— Input —
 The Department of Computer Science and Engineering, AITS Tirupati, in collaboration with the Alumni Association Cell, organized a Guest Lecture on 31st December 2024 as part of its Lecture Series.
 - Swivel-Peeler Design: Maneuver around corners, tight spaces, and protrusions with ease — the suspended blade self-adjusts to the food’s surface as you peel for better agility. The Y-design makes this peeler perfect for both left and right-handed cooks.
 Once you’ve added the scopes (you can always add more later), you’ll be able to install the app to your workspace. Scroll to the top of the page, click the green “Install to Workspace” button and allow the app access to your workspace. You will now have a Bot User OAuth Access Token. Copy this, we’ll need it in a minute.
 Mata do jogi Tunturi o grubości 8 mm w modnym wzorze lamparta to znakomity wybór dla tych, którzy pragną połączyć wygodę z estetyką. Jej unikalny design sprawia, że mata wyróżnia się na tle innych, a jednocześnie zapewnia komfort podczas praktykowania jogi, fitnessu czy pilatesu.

--

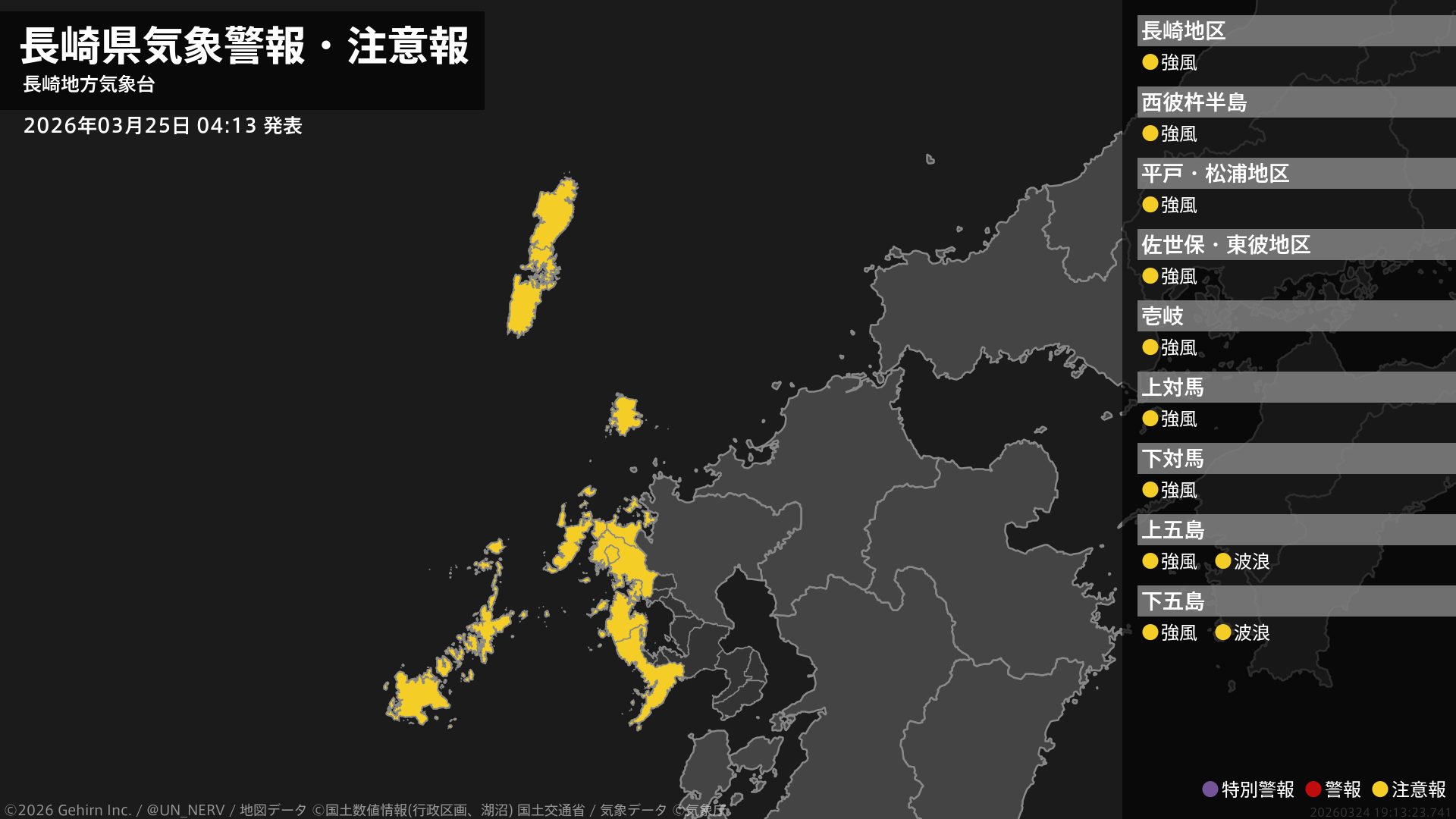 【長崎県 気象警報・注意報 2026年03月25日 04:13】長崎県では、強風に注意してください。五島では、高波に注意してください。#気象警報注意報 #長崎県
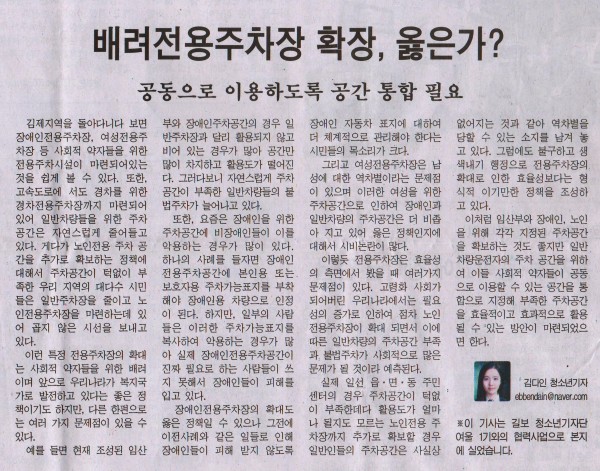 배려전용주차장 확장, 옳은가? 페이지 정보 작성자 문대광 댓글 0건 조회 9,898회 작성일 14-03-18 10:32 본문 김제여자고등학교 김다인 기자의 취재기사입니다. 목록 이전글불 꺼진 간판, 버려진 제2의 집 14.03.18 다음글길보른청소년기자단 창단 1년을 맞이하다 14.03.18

— The task —
Please find, in the entries above, every line where "with" occurs, and copy it.

— Answer to this problem —
 The Department of Computer Science and Engineering, AITS Tirupati, in collaboration with the Alumni Association Cell, organized a Guest Lecture on 31st December 2024 as part of its Lecture Series.
 - Swivel-Peeler Design: Maneuver around corners, tight spaces, and protrusions with ease — the suspended blade self-adjusts to the food’s surface as you peel for better agility. The Y-design makes this peeler perfect for both left and right-handed cooks.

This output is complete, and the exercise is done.